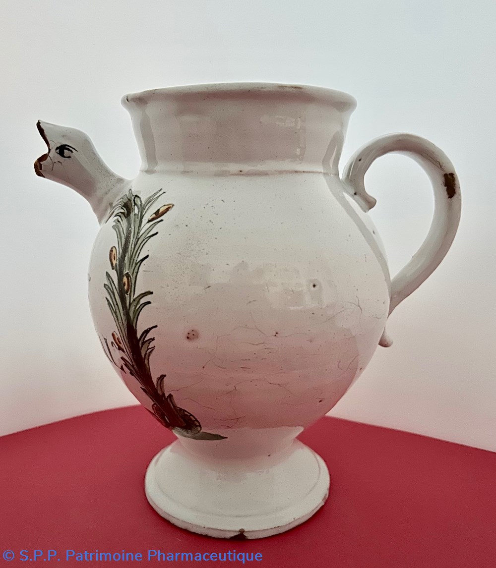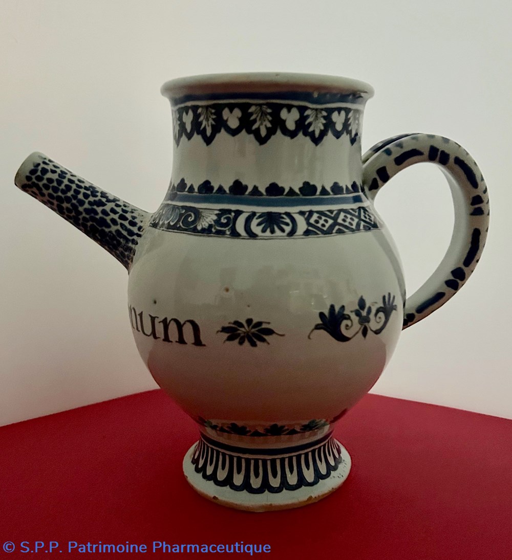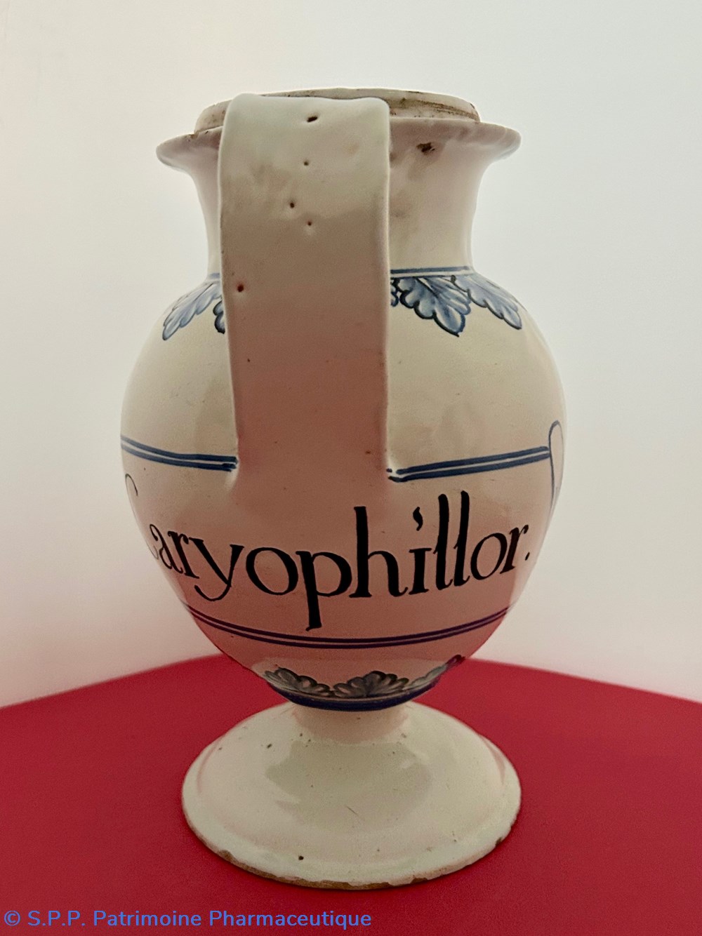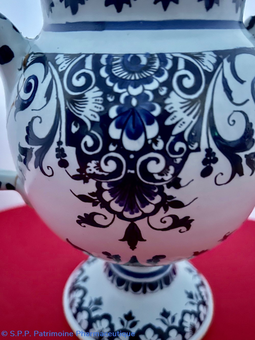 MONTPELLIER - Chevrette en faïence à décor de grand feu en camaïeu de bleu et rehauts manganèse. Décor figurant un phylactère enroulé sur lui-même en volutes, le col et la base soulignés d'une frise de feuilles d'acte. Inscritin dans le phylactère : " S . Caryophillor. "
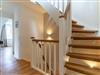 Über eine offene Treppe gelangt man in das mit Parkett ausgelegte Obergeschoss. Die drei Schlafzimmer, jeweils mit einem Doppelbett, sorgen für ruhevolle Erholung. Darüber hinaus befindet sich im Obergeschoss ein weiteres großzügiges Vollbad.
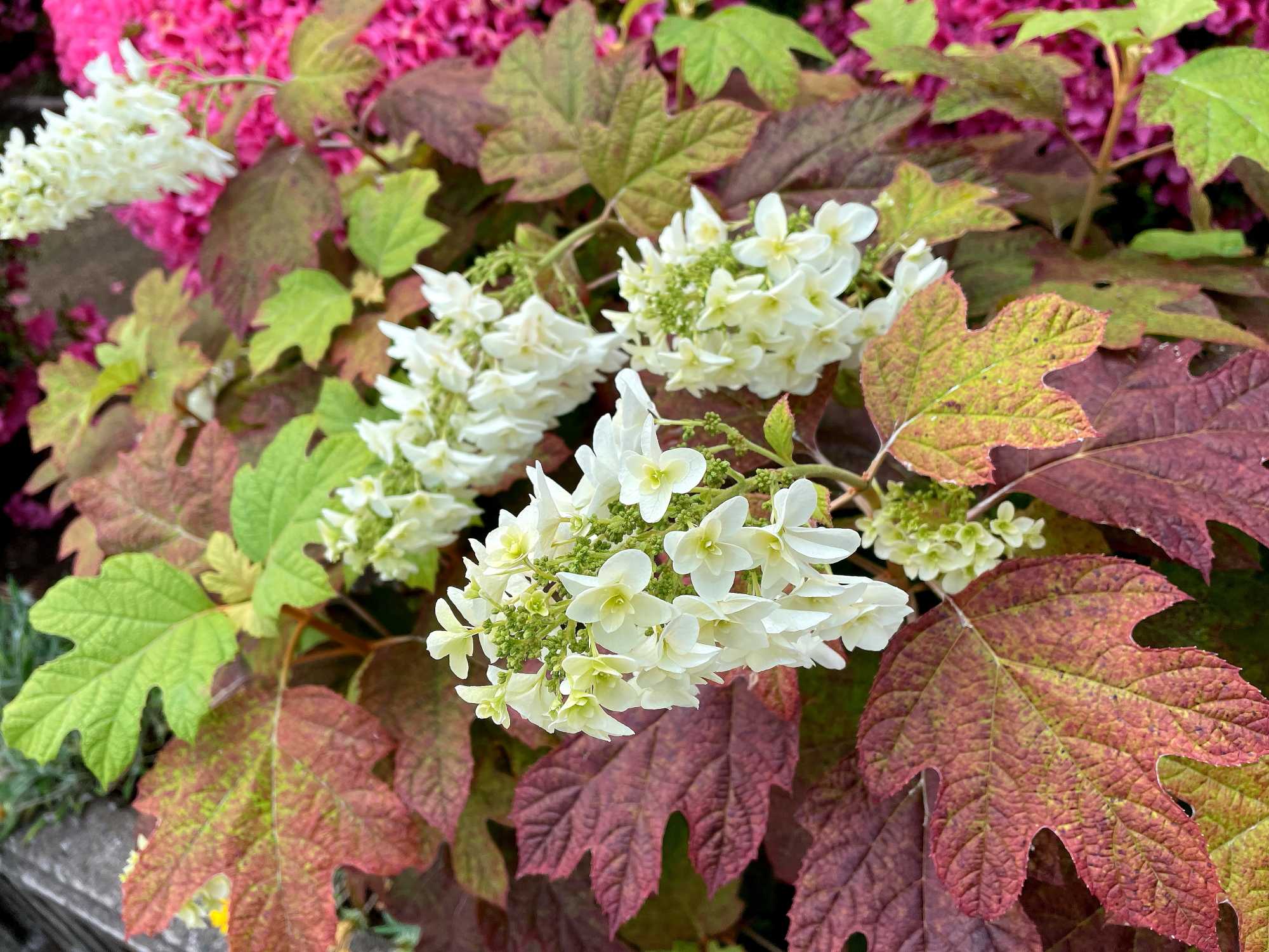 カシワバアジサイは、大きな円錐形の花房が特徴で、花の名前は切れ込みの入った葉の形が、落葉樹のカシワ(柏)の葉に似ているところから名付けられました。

************

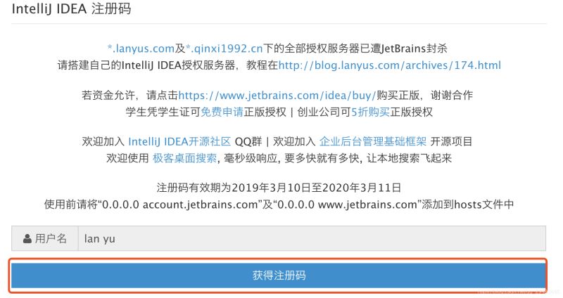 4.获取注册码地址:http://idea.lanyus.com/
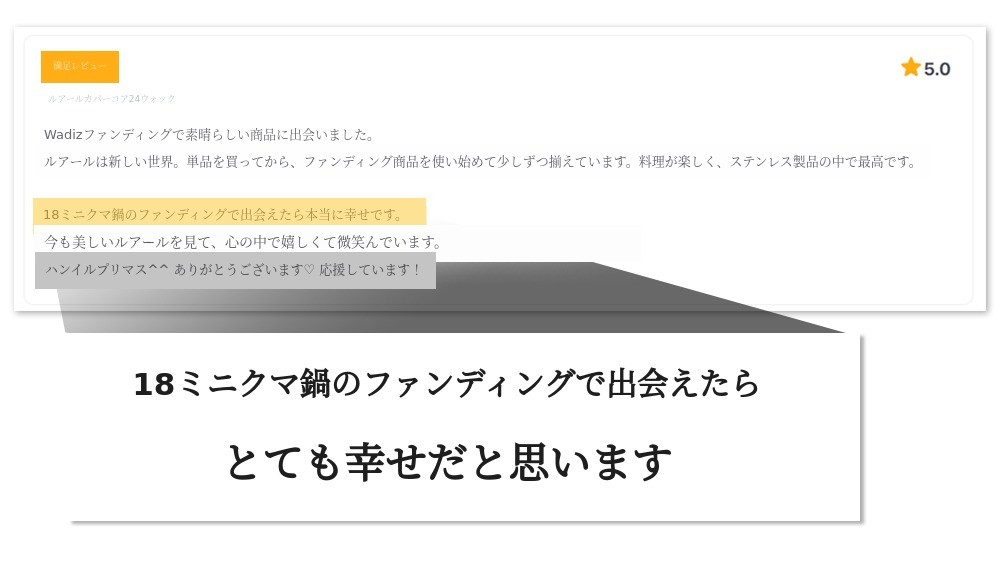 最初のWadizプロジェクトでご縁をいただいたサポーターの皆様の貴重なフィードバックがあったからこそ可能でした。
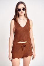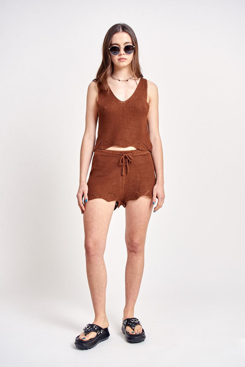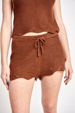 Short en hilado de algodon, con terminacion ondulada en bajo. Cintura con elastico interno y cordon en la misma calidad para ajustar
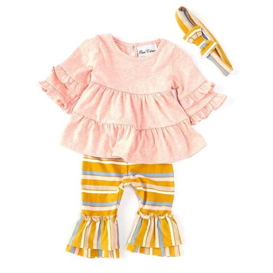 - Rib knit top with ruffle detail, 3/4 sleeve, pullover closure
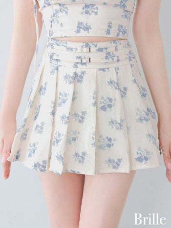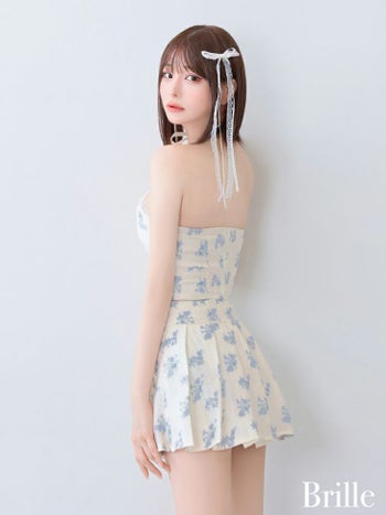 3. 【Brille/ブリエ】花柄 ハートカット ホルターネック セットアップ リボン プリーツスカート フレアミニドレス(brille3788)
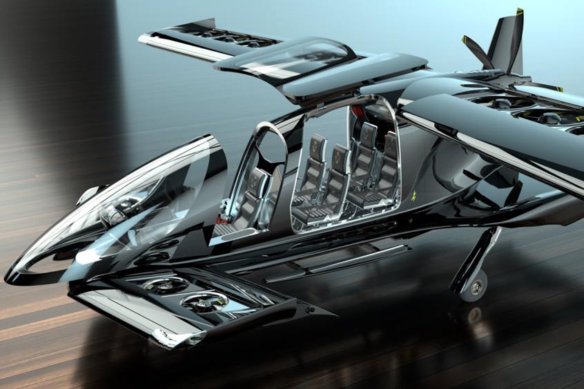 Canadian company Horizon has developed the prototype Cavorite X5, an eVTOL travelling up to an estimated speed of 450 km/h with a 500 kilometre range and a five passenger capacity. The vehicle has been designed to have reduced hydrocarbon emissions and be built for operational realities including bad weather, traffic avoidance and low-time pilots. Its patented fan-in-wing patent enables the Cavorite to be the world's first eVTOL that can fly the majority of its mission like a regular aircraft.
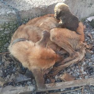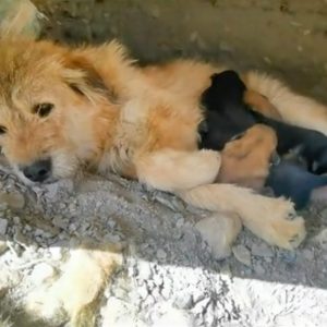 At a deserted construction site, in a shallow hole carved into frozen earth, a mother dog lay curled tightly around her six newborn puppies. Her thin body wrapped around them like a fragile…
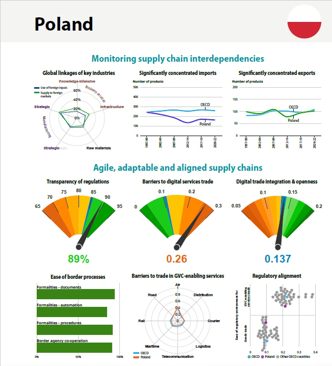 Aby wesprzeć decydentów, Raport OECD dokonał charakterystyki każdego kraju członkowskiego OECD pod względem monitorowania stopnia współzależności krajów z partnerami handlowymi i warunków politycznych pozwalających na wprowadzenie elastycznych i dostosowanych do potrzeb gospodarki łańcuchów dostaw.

************

▶ **WHAT YOU HAVE TO DO**:
From the listing above, repeat only the lines between the line containing "MONTPELLIER - Chevrette" and the line containing "カシワバアジサイは、大きな円", those two included. Pictures are not part of the copy.

▶ **SOLVED EXERCISE**:
 MONTPELLIER - Chevrette en faïence à décor de grand feu en camaïeu de bleu et rehauts manganèse. Décor figurant un phylactère enroulé sur lui-même en volutes, le col et la base soulignés d'une frise de feuilles d'acte. Inscritin dans le phylactère : " S . Caryophillor. "
 Über eine offene Treppe gelangt man in das mit Parkett ausgelegte Obergeschoss. Die drei Schlafzimmer, jeweils mit einem Doppelbett, sorgen für ruhevolle Erholung. Darüber hinaus befindet sich im Obergeschoss ein weiteres großzügiges Vollbad.
 カシワバアジサイは、大きな円錐形の花房が特徴で、花の名前は切れ込みの入った葉の形が、落葉樹のカシワ(柏)の葉に似ているところから名付けられました。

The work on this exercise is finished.